§ PROMPT: Skip the pictures, please, and write out exactly the lines from the opening of the data through the line containing "(Disneyland, 1956) An".

Content starts

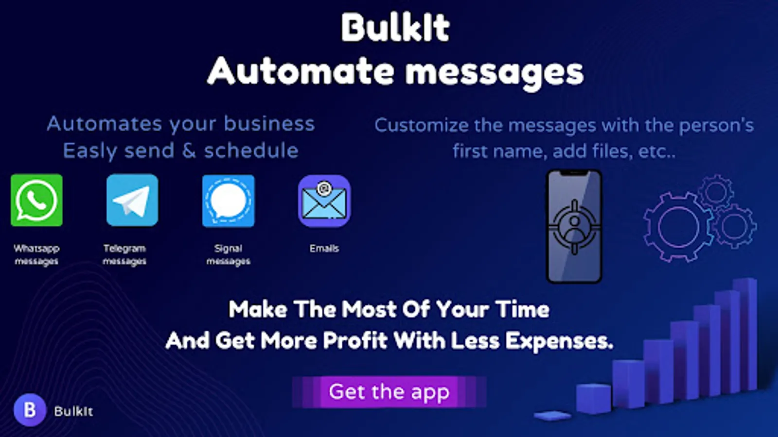 Grow your business with BulkIt, the all-in-one Bulking & Scheduling App that lets you Send or Schedule to send later WhatsApp Messages, Telegram, Signal and Emails to lists. This Bulking & Scheduling app acts like your personal assistant. Boost productivity, save time, and reduce stress!
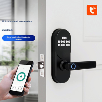 Cerradura de cerrojo inteligente de estilo americano, botón de partículas, contraseña, graffiti, puerta de madera, cerradura de huella dactilar con mango
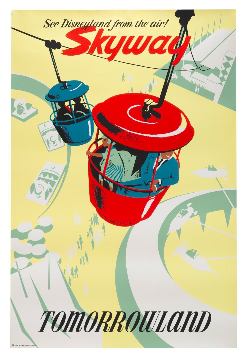 (Disneyland, 1956) An original hand-silkscreened poster for the Skyway over Tomorrowland. Designed by Bjorn Aronson, this poster features the Skyway overlooking several early landmarks like the Autopia, AstroJets, and unbuilt Airboats attraction. Measuring 36" x 54", the poster is in very good condition with light edge wear including faint scuffs at the top corners, and light tape residue and a faint water stain visible on the top back edge.
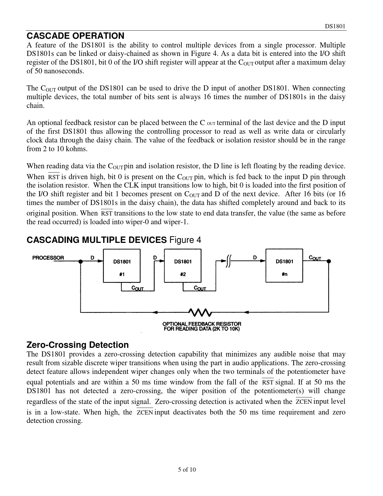 DS1801 CASCADE OPERATION A feature of the DS1801 is the ability to control multiple devices from a single processor. Multiple DS1801s can be linked or daisy-chained as shown in Figure 4. As a data bit is entered into the I/O shift register of the DS1801, bit 0 of the I/O shift register will appear at the COUT output after a maximum delay of 50 nanoseconds. The COUT output of the DS1801 can be used to drive the D input of another DS1801. When connecting multiple devices, the total number of bits sent is always 16 times the number of DS1801s in the daisy chain. An optional feedback resistor can be placed between the C OUT terminal of the last device and the D input of the first DS1801 thus allowing the controlling processor to read as well as write data or circularly clock data through the daisy chain. The value of the feedback or isolation resistor should be in the range from 2 to 10 kohms. When reading data via the COUTpin and isolation resistor, the D line is left floating by the reading device. When RST is driven high, bit 0 is present on the COUT pin, which is fed back to the input D pin through the isolation resistor. When the CLK input transitions low to high, bit 0 is loaded into the first position of the I/O shift register and bit 1 becomes present on COUT and D of the next device. After 16 bits (or 16 times the number of DS1801s in the daisy chain), the data has shifted completely around and back to its original position. When RST transitions to the low state to end data transfer, the value (the same as before the read occurred) is loaded into wiper-0 and wiper-1. CASCADING MULTIPLE DEVICES Figure 4 Zero-Crossing Detection The DS1801 provides a zero-crossing detection capability that minimizes any audible noise that may result from sizable discrete wiper transitions when using the part in audio applications. The zero-crossing detect feature allows independent wiper changes only when the two terminals of the potentiometer have equal potentials and are within a 50 ms time window from the fall of the RST signal. If at 50 ms the DS1801 has not detected a zero-crossing, the wiper position of the potentiometer(s) will change regardless of the state of the input signal. Zero-crossing detection is activated when the ZCEN input level is in a low-state. When high, the ZCEN input deactivates both the 50 ms time requirement and zero detection crossing. 5 of 10
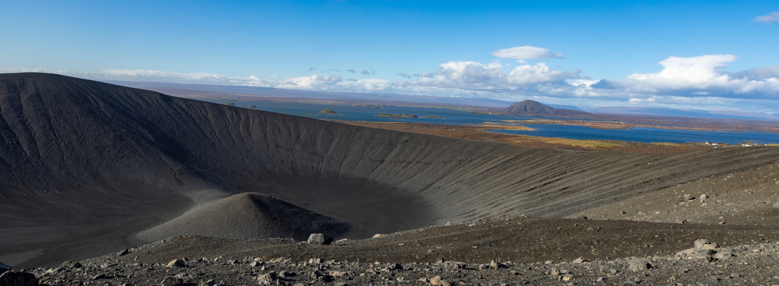 Johan stuurde al snel bericht dat de klim naar boven op de Hverfjall aan de kant van Dimmuborgir afgesloten was. Hij moest naar de andere, minder steile, kant wandelen om de vulkaan op te gaan. Die vulkaan is enorm groot en heeft een diameter van een kilometer. Het duurde dus even vooraleer hij kon beginnen klimmen. Die klim was goed aangelegd met een stabiele ondergrond en een geleidelijke steigingsgraad. Johans plan was voordien om aan de ene kant Hverfjall op te gaan, over de kraterrand naar de andere kant te gaan en daar weer naar beneden te gaan. Met die afgesloten zuidflank wandelde hij nu helemaal rond over de kraterrand. Die extra afstand maakt Johan niet zo uit en zo zag hij ook de oostkant van de krater, niet enkel de westkant waar hij een mooi uitzicht op Mývatn had.

Content ends

§ TASK RESULT:
 Grow your business with BulkIt, the all-in-one Bulking & Scheduling App that lets you Send or Schedule to send later WhatsApp Messages, Telegram, Signal and Emails to lists. This Bulking & Scheduling app acts like your personal assistant. Boost productivity, save time, and reduce stress!
 Cerradura de cerrojo inteligente de estilo americano, botón de partículas, contraseña, graffiti, puerta de madera, cerradura de huella dactilar con mango
 (Disneyland, 1956) An original hand-silkscreened poster for the Skyway over Tomorrowland. Designed by Bjorn Aronson, this poster features the Skyway overlooking several early landmarks like the Autopia, AstroJets, and unbuilt Airboats attraction. Measuring 36" x 54", the poster is in very good condition with light edge wear including faint scuffs at the top corners, and light tape residue and a faint water stain visible on the top back edge.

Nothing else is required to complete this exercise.